Debris, washed away by the March tsunami in Japan, is now sailing in the U.S.

Debris, washed away by the March tsunami in Japan, is now sailing in the U.S.Scientists have traced the trajectory of millions of tons of trash and debris caught in the Pacific Ocean after the tsunami in Japan on March 11. It is projected that within two years the garbage avalanche reaches Hawaii, and three — the U.S. West Coast, writes The Daily Mail.

Investigation was conducted by researchers from the International Centre for Pacific Studies, University of Hawaii. According to estimates, the tsunami washed away hundreds of millions of tons of scrap — televisions, refrigerators, furniture, etc. Of them afloat are now about 20 million tons.

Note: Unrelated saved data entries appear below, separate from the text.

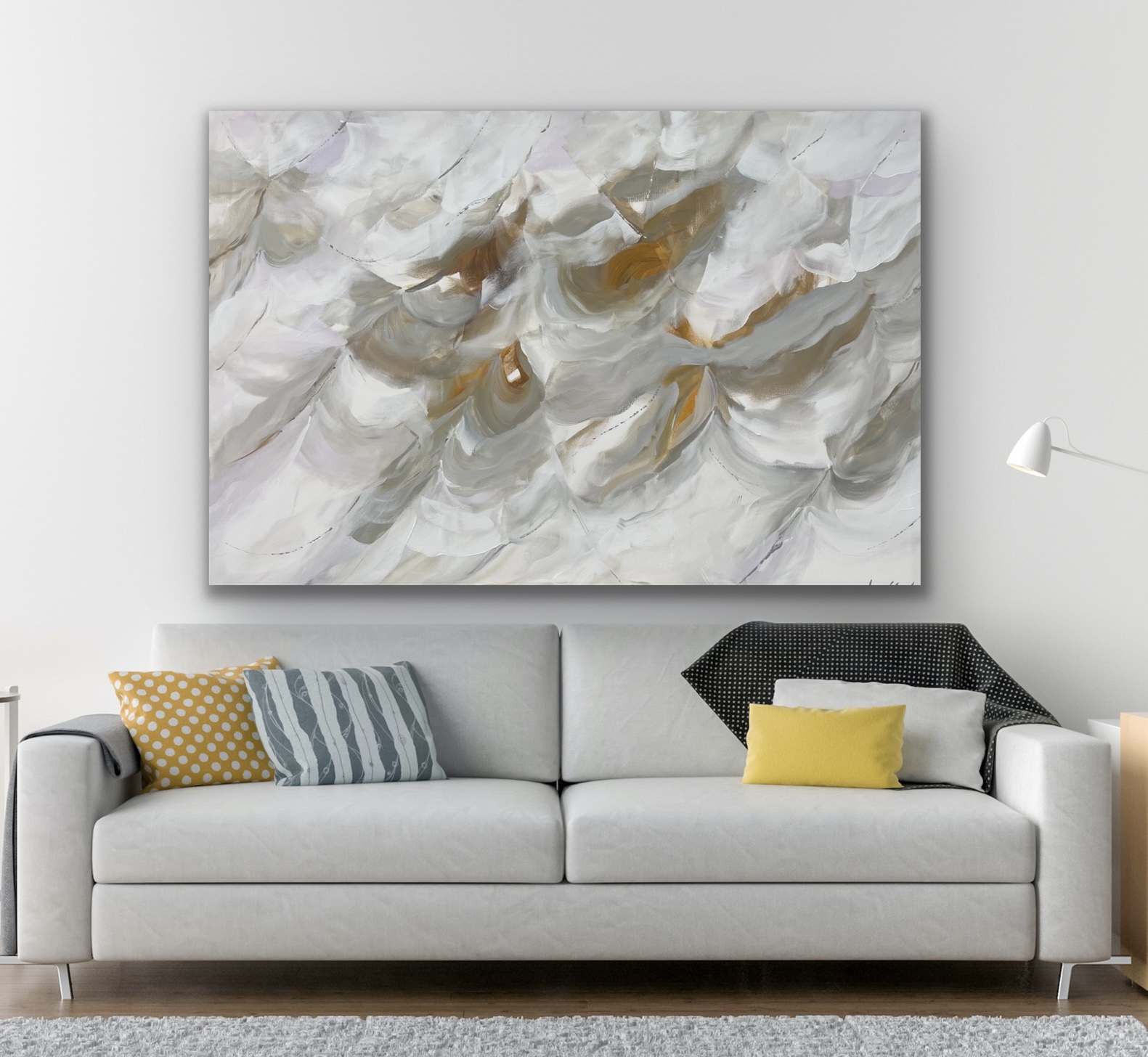 The canvas is dominated by a serene white background, which exudes a sense of purity and tranquility. It evokes a feeling of calmness. Amidst the sea of white, subtle shades of gray gracefully intertwine, forming an array of abstract shapes and lines that seem to dance and interact with one another.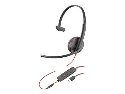 Poly Blackwire C3215 - Blackwire 3200 Series - micro-casque - sur-oreille - filaire - Suppresseur de bruit actif - jack 3,5mm, USB-C - noir - Certifié Skype, Certifié Avaya, certifié Cisco Jabber 80S05A6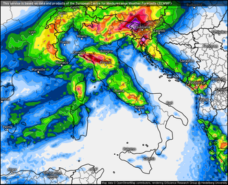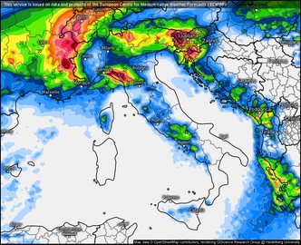 La fase più critica del peggioramento è attesa per domenica 4 gennaio, quando l’approfondimento del vortice sul Tirreno determinerà una decisa intensificazione dei fenomeni atmosferici. L’afflusso di venti meridionali, carichi di umidità e relativamente miti, incontrando l’aria più fredda presente in quota, genererà forti contrasti termici, condizione ideale per la formazione di temporali anche di forte intensità. Particolare attenzione andrà riservata a Liguria, alta Toscana e Triveneto, dove non si escludono nubifragi con accumuli superiori ai 100 mm in poche ore. Si tratta di quantitativi di pioggia potenzialmente in grado di provocare criticità idrogeologiche, specie nelle aree già sature di umidità.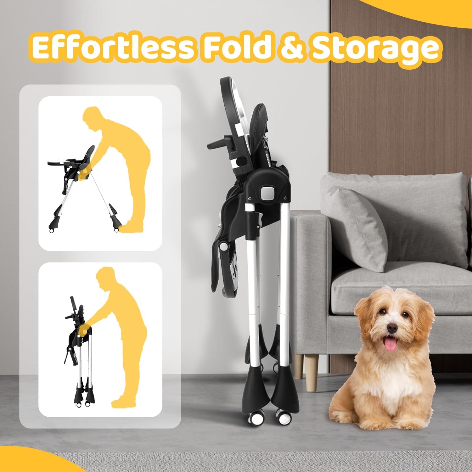 - Foldable and Portable Design: This toddler high chair can be easily folded into a compact size by pressing the folding buttons on both sides withour removing the tray, making it convenient for storage. Equipped with 4 smooth 360° rotating wheels allowing you to easily move this foldable high chair from the kitchen to the dining area

Within six months, Nikolai Maximenko and Jan Hefner used a computer model of ocean particles to predict the further trajectory of debris. "I would not want to spread panic. But people need to know what they will face," — said John Hefner.

Debris, washed away by the March tsunami in Japan, is now sailing in the U.S.

The wreckage was found in the area, which believed. In late September, the Russian ship "Pallada", returning to the port of Vladivostok, found a trace of the "Japanese junk". "On September 22, we found a Japanese fishing vessel. Radiation level was normal. Then we also saw a TV, refrigerator and other household items," — told the sailors.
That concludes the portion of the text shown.